CUDA local array initalization modifies program output

Question

I have a program which (for now) calculates values of two functions in random points on GPU , sends these values back to host, and then visualizes them. This is what I get, some nice semi-random points: Now, if I modify my kernel code, and add the local array initalization code at the very end,

__global__ void optymalize(curandState * state, float* testPoints)
{
int ind=blockDim.x*blockIdx.x+threadIdx.x;
int step=blockDim.x*gridDim.x; 

for(int i=ind*2;i<NOF*TEST_POINTS;i+=step*2)
{   
    float* x=generateX(state);
    testPoints[i]=ZDT_f1(x);
    testPoints[i+1]=ZDT_f2(x);
}
//works fine with 'new'
//float* test_array=new float[2];
float test_array[2]={1.0f,2.0f};    
}

I get something like this everytime: not-so-random

Does anyone know the cause of this behavior?

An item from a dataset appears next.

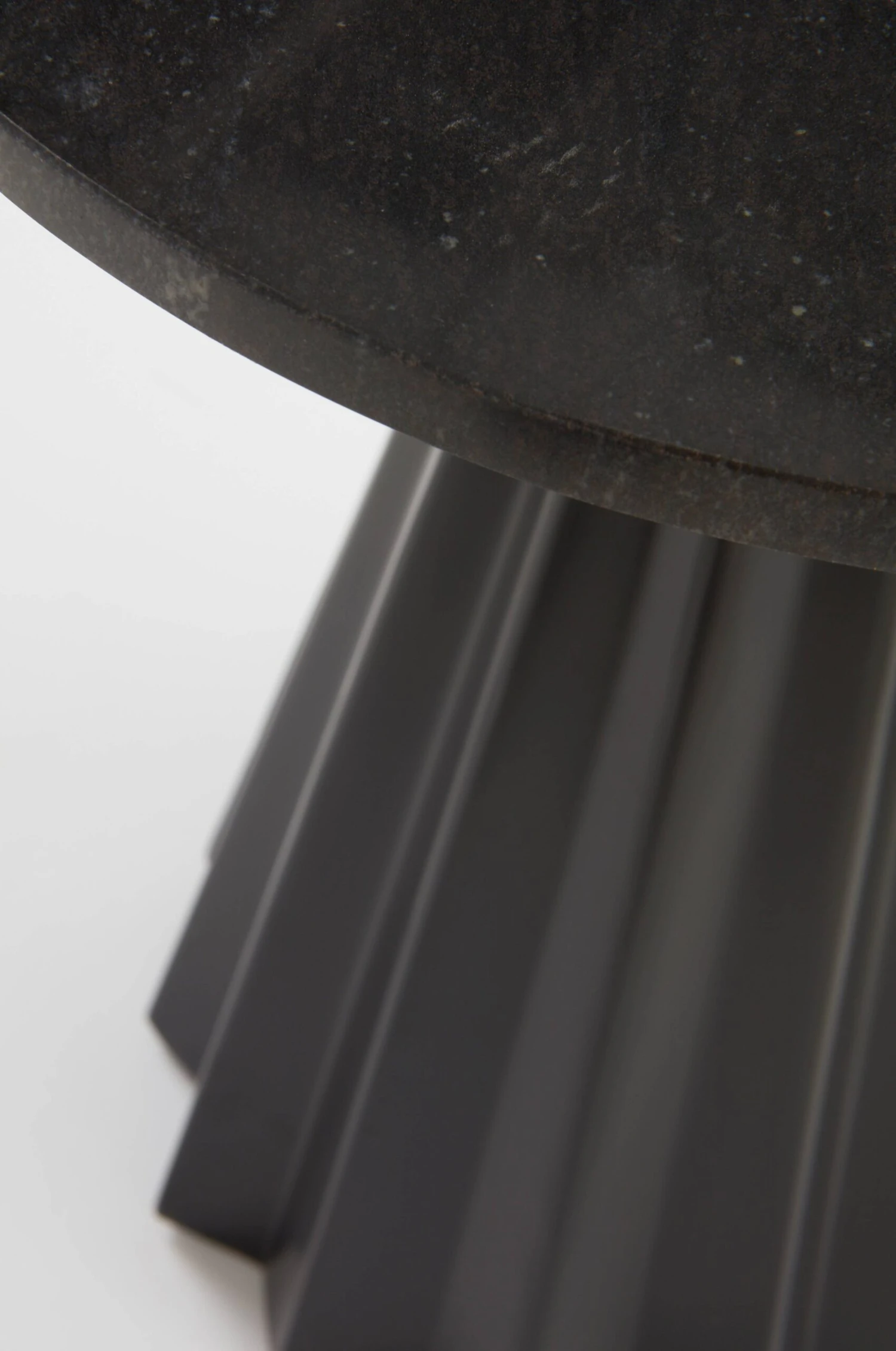 LEIRA har en rund fin, bordsskiva av granit och den konformade, räfflade foten är av järn med slät ytfinish. Bordsskivan av granit, som är en naturlig stenart, har melerad färg och fina variationer. Det svarta underredet är ihåligt och har tack vare det låg vikt. Viss montering krävs. Monteringsanvisning medföljer.

All the drawn points are computed BEFORE test_array is initialized, yet they are affected by it. It doesn't happen when I initialize test_array before the 'for' loop.

Host/device code:

#include "cuda_runtime.h"
#include "device_launch_parameters.h"
#include "curand_kernel.h"  
#include "device_functions.h"

#include <random>
#include <iostream>
#include <time.h>
#include <fstream>

using namespace std;

#define XSIZE 5
#define TEST_POINTS 100
#define NOF 2
#define BLOCK_COUNT 64
#define THR_COUNT 128
#define POINTS_PER_THREAD (NOF*TEST_POINTS+THR_COUNT*BLOCK_COUNT-1)/(THR_COUNT*BLOCK_COUNT)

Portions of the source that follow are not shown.